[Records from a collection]

|---|

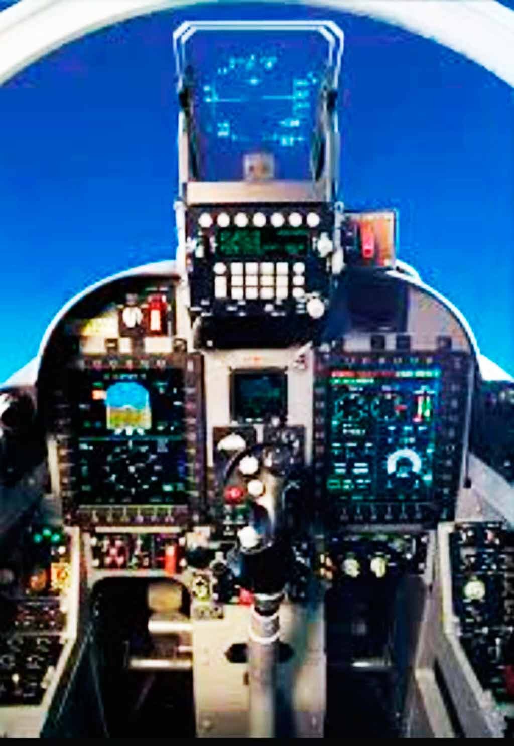 com telas multifuncionais e coloridas compatíveis com a operação de óculos de visão noturna; head-up display; datalink; comunicação criptografada entre outras qualidades.
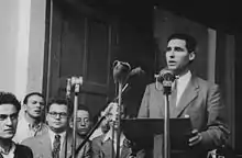 The WFDY's first General Secretary, Alexander Shelepin, was a former leader of the Young Communist International which had been dissolved in 1943. Shelepin had been a guerilla fighter during World War II (after his work with the WFDY, he was appointed head of Soviet State Security).[4] Both the WFDY and IUS vocally criticized the Marshall Plan, supported the Czechoslovak coup d'état of 1948 and the new People's republics in eastern Europe. They opposed the Korean War.[4]
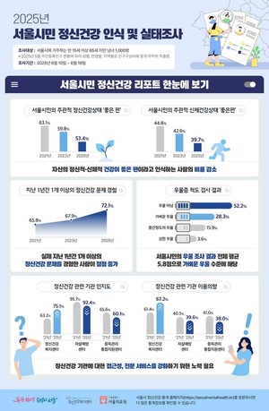 [메디컬프라임 백현석 기자] 서울시정신건강복지센터(이하 서울센터)의 ‘2025년 서울시민 정신건강 인식 및 실태조사’ 결과, 서울시민 10명 중 7명(72.1%)이 지난 1년간 1개 이상의 정신건강 어려움을 경험한 것으로 나타났다.해당 조사는 서울시민의 정신건강 문제에 대한 인식 수준과 관련 서비스 이용 현황을 모니터링하기 위해 2007년부터 격년으로 시행되고 있으며, 2025년에는 정신건강 문제의 실태를 보다 심층적으로 파악하기 위한 조사가 함께 진행됐다. 조사 결과, 시민 다수가 정신적 부담을 체감하고 있어 서울시민의 정신건강에
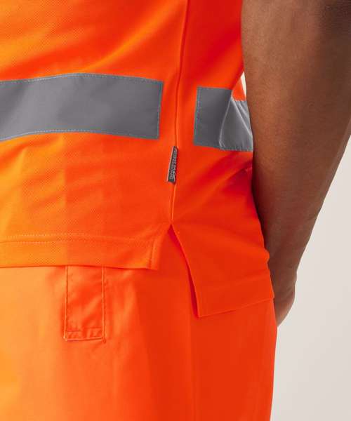 100% polyester, wicking, soft-touch micro mesh – 150gsm. Certified to EN ISO 20471:2013 A1:2016 Class 2. Orange colourway also conforms to RIS-3279-TOM. Gap in reflective tape at side seams improves comfort and stretch. Fabric provides UPF 40+ protection. Side vent detail. Made with recycled content. Two-button placket. Ribbed collar.
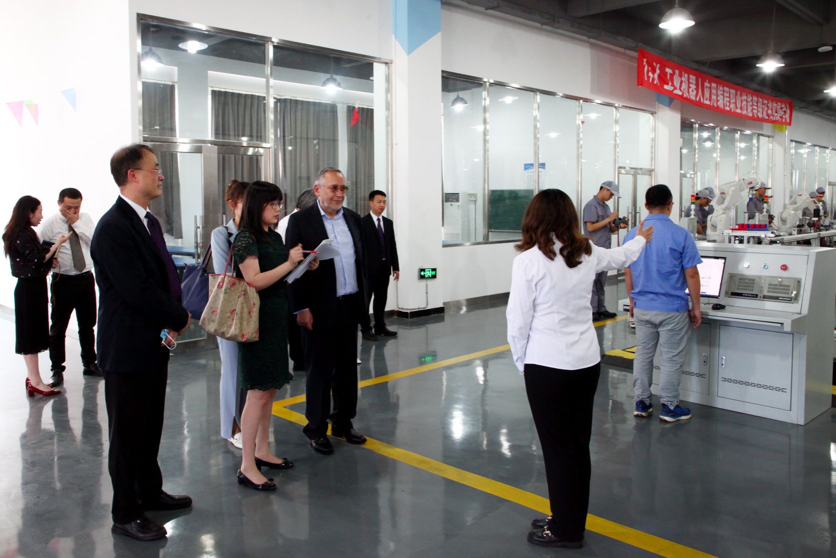 迪亚兹一行先后参观了学院太阳能研究院、工业机器人系统集成中心、康复实训室,了解了学院的办学规模、发展概况、专业实训和人才培养等情况,观摩了工业机器人、康复理疗课堂教学,并就专业实践教学与任课教师进行了交流。
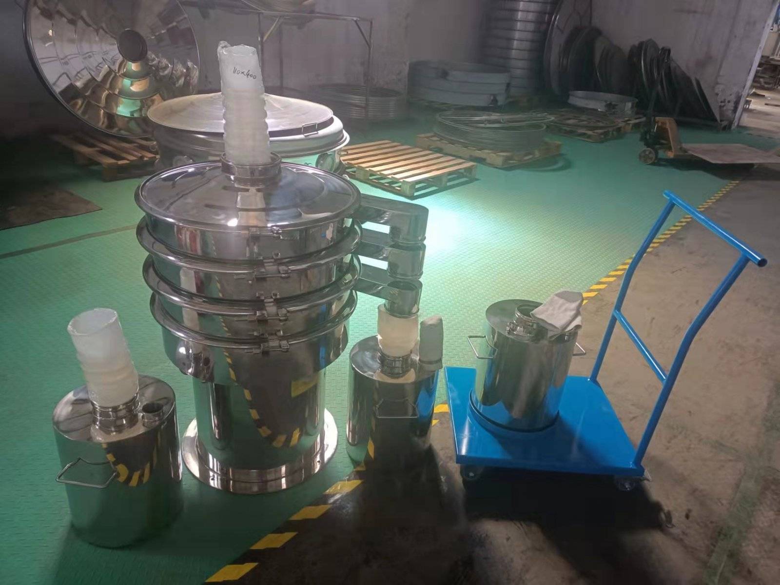 該設(shè)備根據(jù)客戶現(xiàn)場生產(chǎn)條件量身定制,整機板材均采用316L優(yōu)質(zhì)不銹鋼,特制三個不銹鋼接料桶,方便替換接料,小推車的添加方便客戶把接滿物料的料桶移動到合適位置,減少人力搬運。在節(jié)省人力的同時提高效率。
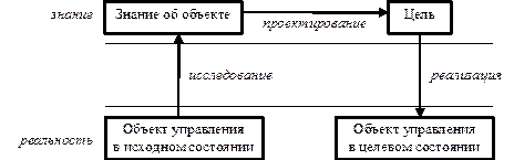 В процессе управления менеджер получает знание о реальных объектах, которыми он управляет (знание о том, что есть), исходя из него строит новое знание (что должно быть – это, в частности, определение цели) и претворяет это знание в реальности (рис.1.1.1). Первый этап из названных – исследование, второй – проектирование, третий – реализация.
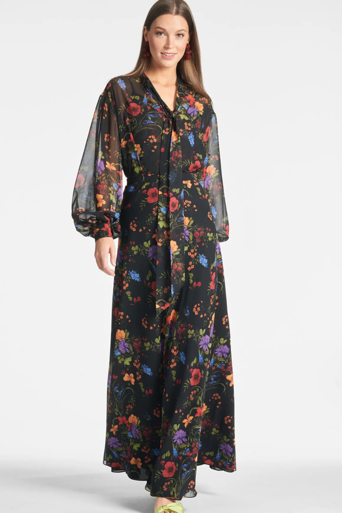 If you’re looking for versatility and wearability, you’ve come to the right place with the Nora top in Noir Wildflower. This printed chiffon blouse is just the right amount of whimsical and practical. Pair her back to the matching skirt or your favorite black trousers for a timeless, sophisticated look.
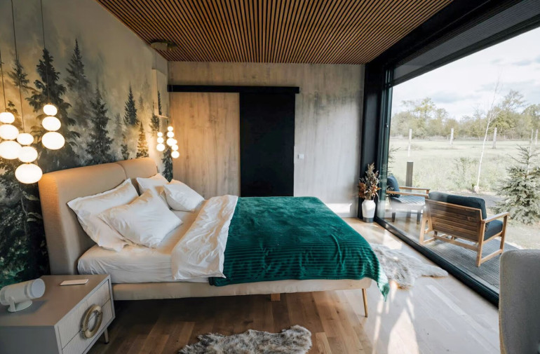 Die Tiny Houses überzeugen durch ihre durchdachte Architektur und hochwertige Ausstattung: Echtholz-Parkettböden schaffen eine warme Atmosphäre, großflächige Fensterfronten öffnen den Blick auf Weinberge und Wiesen und lassen zugleich viel Tageslicht herein. Dank modernster Bauweise mit Passivhaus-Zertifizierung, Aluminiumrahmen und Holzfaser-Dämmung genießen Sie ein komfortables Raumklima zu jeder Jahreszeit.
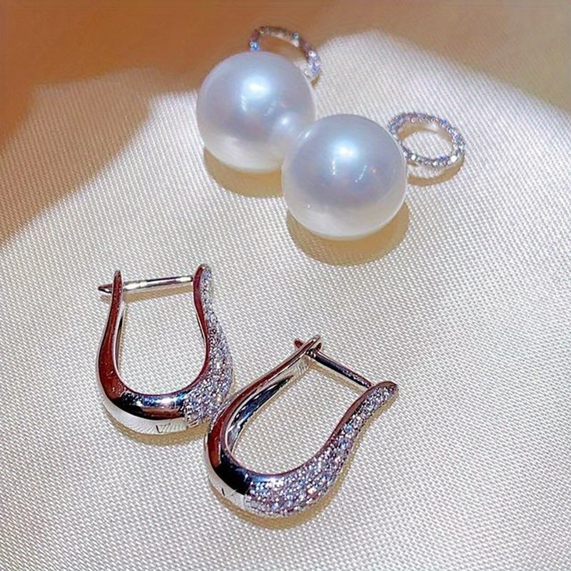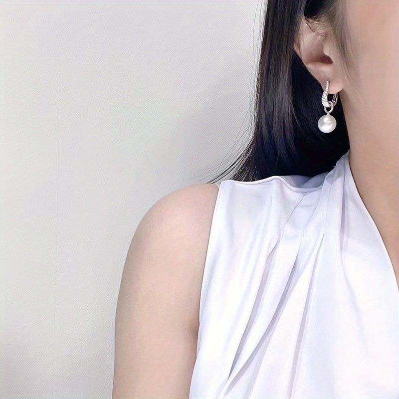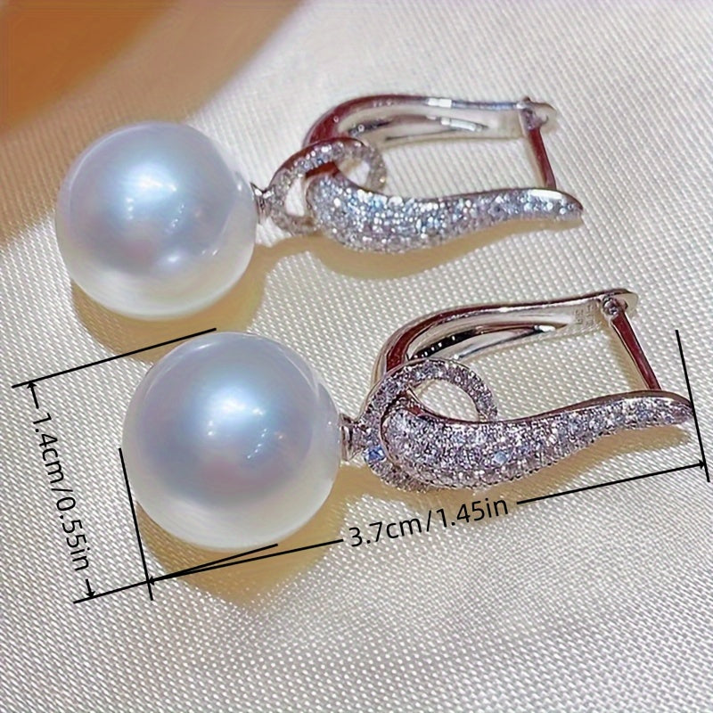 Красивые блестящие серьги из циркония для женщин, покрытые серебром 925 пробы с подвеской из искусственного жемчуга, элегантный дизайн свадебного ювелирного подарка
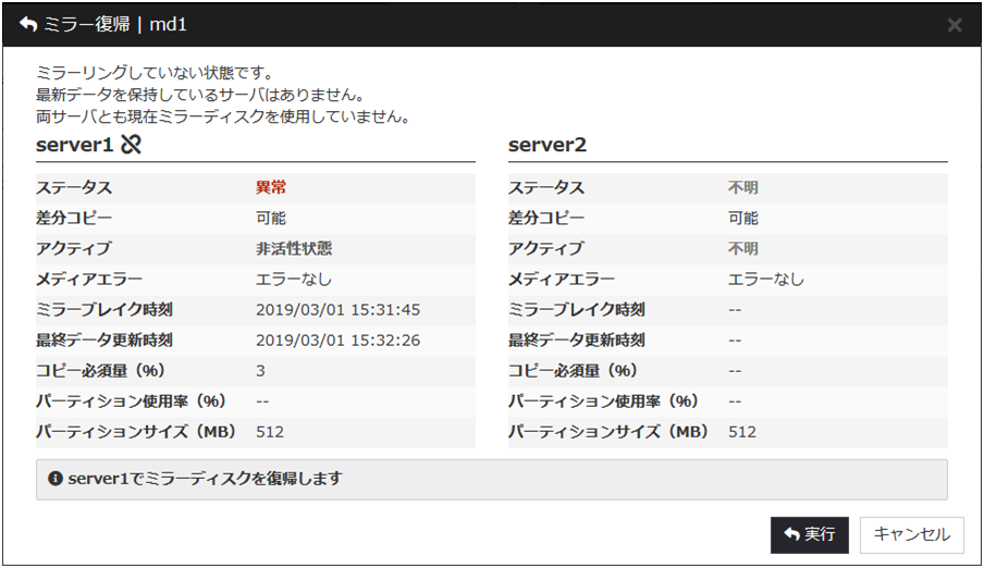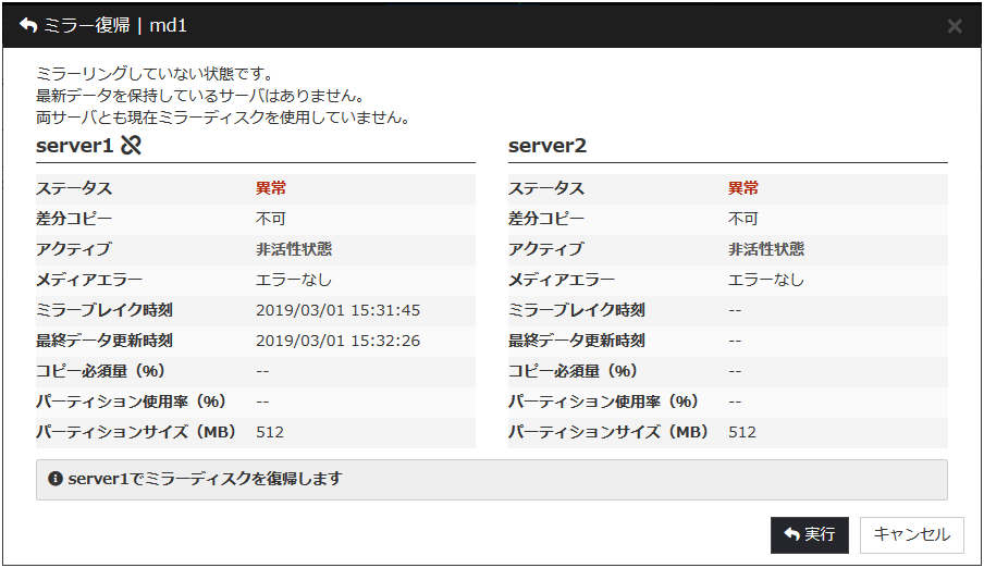 最新のデータを保持しているサーバの [強制ミラー復帰] をクリックすると、下記のような画面に変わります。 [実行] をクリックするとミラー復帰が実行されます。

|---|

▶ _WHAT THE TASK ASKS_
What you give back must match the lines from the start of the records through the line that contains "[메디컬프라임 백현석 기자]", exactly, with the pictures left out.

▶ _YOUR SOLUTION_
 com telas multifuncionais e coloridas compatíveis com a operação de óculos de visão noturna; head-up display; datalink; comunicação criptografada entre outras qualidades.
 The WFDY's first General Secretary, Alexander Shelepin, was a former leader of the Young Communist International which had been dissolved in 1943. Shelepin had been a guerilla fighter during World War II (after his work with the WFDY, he was appointed head of Soviet State Security).[4] Both the WFDY and IUS vocally criticized the Marshall Plan, supported the Czechoslovak coup d'état of 1948 and the new People's republics in eastern Europe. They opposed the Korean War.[4]
 [메디컬프라임 백현석 기자] 서울시정신건강복지센터(이하 서울센터)의 ‘2025년 서울시민 정신건강 인식 및 실태조사’ 결과, 서울시민 10명 중 7명(72.1%)이 지난 1년간 1개 이상의 정신건강 어려움을 경험한 것으로 나타났다.해당 조사는 서울시민의 정신건강 문제에 대한 인식 수준과 관련 서비스 이용 현황을 모니터링하기 위해 2007년부터 격년으로 시행되고 있으며, 2025년에는 정신건강 문제의 실태를 보다 심층적으로 파악하기 위한 조사가 함께 진행됐다. 조사 결과, 시민 다수가 정신적 부담을 체감하고 있어 서울시민의 정신건강에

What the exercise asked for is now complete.